His self-described “faster, cheaper, better” digital model was underpinned by frenetic deal-making to build scale, with dozens of quick-fire acquisitions backed by S4’s soaring share price.

However, questions started to be raised about the internal machinations of Sorrell’s rapidly assembled new mini-empire when his company’s annual results were twice delayed by its auditors, PwC, a situation he described as “embarrassing and unacceptable”.

“We changed too much too fast. All changes come for a good reason, but it feels like there is an overall feeling of being lost,” said another employee, in anonymous comments shared by Sorrell recently in a weekly email to all staff.

More recently, S4 Capital has suffered from its reliance on the tech clients that had fuelled growth. Technology companies, which have slashed budgets over the past 12 month, represented 44% of S4’s total revenues in the first six months of the year.

The company’s revenues will go into reverse this year while its big rivals such as WPP, Omnicom and IPG in the US and France’s Publicis Groupe expect growth of 1% to 5%.

“[S4 Capital’s] execution is in tatters,” said Julien Roch, an analyst at Barclays, in a recent note to clients.

With S4 Capital’s share price down more than 90% from a 2021 peak, deal-making is at a halt and Sorrell’s focus is now on making the business more efficient and integrated.

At the end of last month, S&P Global downgraded S4 Capital’s credit rating, determining that the ad company’s “organic growth prospects are uncertain beyond 2023”.

“Many of the company’s founders wonder why they sold themselves to S4 and are complaining about the stock price,” says one S4 executive. “It is a bit of a Frankenstein’s monster, being sewn together from various parts, with no internal cohesion. We need to get it together because there is no way we can compete against Accenture Song or WPP if we want to stay on top.”

Sorrell has been a vocal proponent of the benefits of artificial intelligence, arguing that while the ad industry may see widespread job cuts, S4 Capital is better positioned to harness the opportunities.

However, the company’s “faster, better, cheaper” model is underpinned by its content business, which makes creative campaigns for clients including the Facebook and Instagram owner, Meta, Ray-Ban, Reebok and the shoe company Havaianas, that run across digital platforms. The content business saw profits plunge by more than 70% like for like in the first half of 2023, compared with the same six months last year, and has a profit margin of just 2.6%.

It is this part of the business, which one executive said “essentially” ran the whole company, that some observers believe could be most at risk of disruption from AI.
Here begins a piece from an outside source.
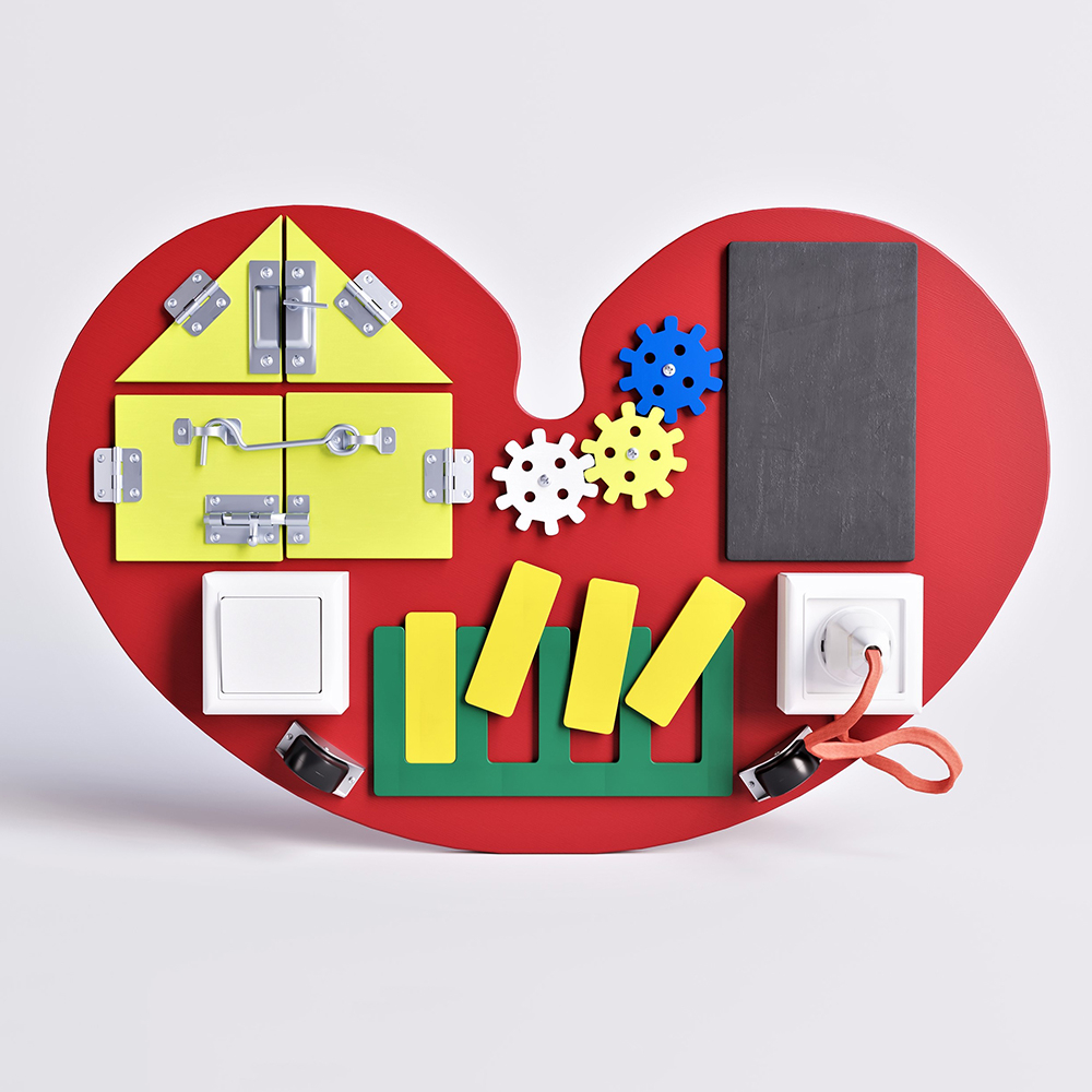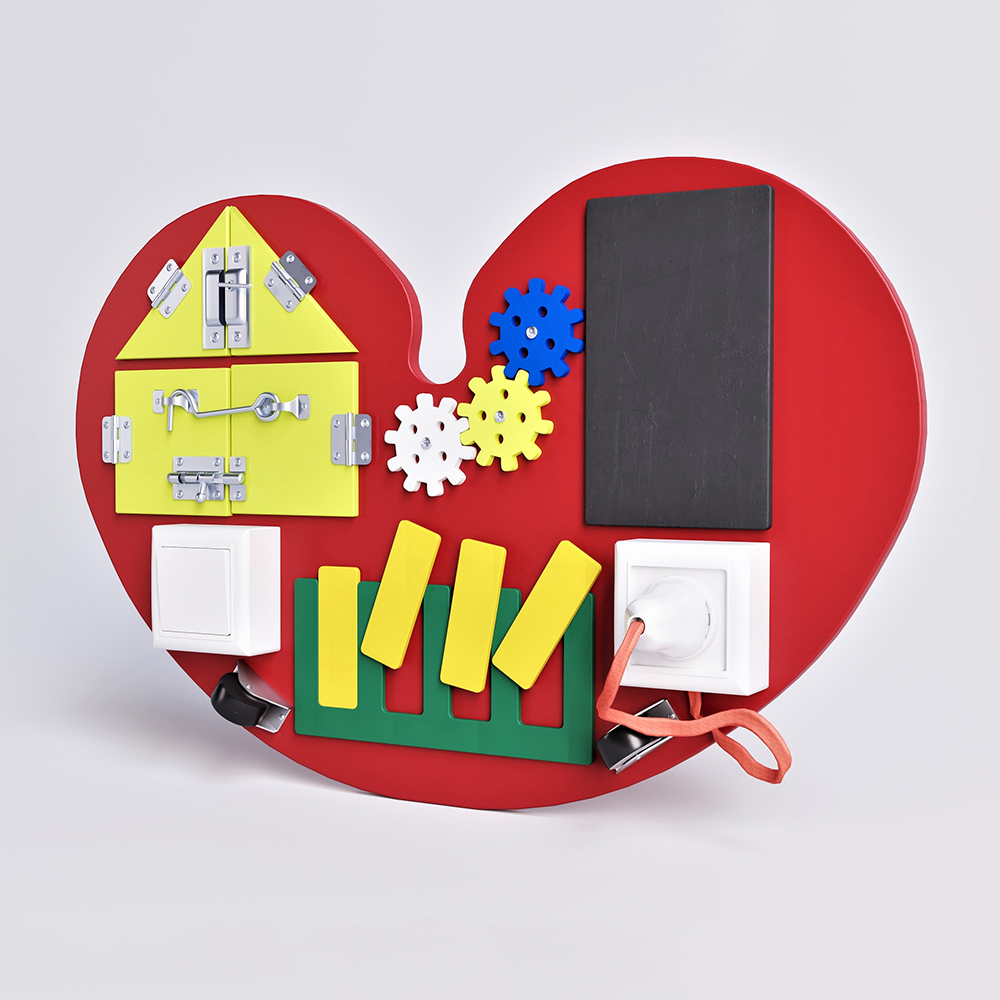 Представленная модель бизиборда обладает широким разнообразием элементов, что положительно влияет на развитие ребенка. Более того, яркий дизайн развивающей игры привлекает внимание ребенка сразу, устраняя детское любопытство. Игра прекрасно подходит для кабинета психолога и логопеда, а также для детских учреждений. Игра прекрасно украсит любую детскую комнату, постоянно радуя ребенка. Шнурок или дверцы на бизиборде — это не просто элемент. Это занятие, развлечение и обучение одновременно, благодаря которому малыш не замечает времени. Бизиборд привлекает внимание ребенка с первых минут. Ребенок развивается в моменте, прокачивая лучшие качества.

“I think he has backed a horse and I’m not sure it has come in,” said one senior ad agency executive who worked closely with Sorrell at WPP. “The reality it is very tough out there and he is pitching for the ‘pipes’ – low-cost, high-speed content production – and AI is going to replace that sort of work. S4 Capital was built to service that work. But it is going to get easy fast, lots of people can and will be able to do that too. Still, if I back anyone to scrap their way out of a corner, it is Martin.”

Sorrell’s grit, determination and business nous has kept him at the top of the global advertising industry for decades.

For the man for whom retirement is anathema, who once joked that he would leave the industry “only when they shoot me”, returning S4 Capital to its heady heights is a job his detractors would do well not to bet against.

“Our approach is faster, better, more efficient,” says Sorrell, who turns 79 in February. “I still believe that is the best way to go. It is a billion-pound revenue business, we continue to build strong relationships, are well positioned geographically, we have to get it right from an efficiency and margin point of view. I don’t like what has happened in the markets. But it is a long-term game, it is what it is. I still love it.”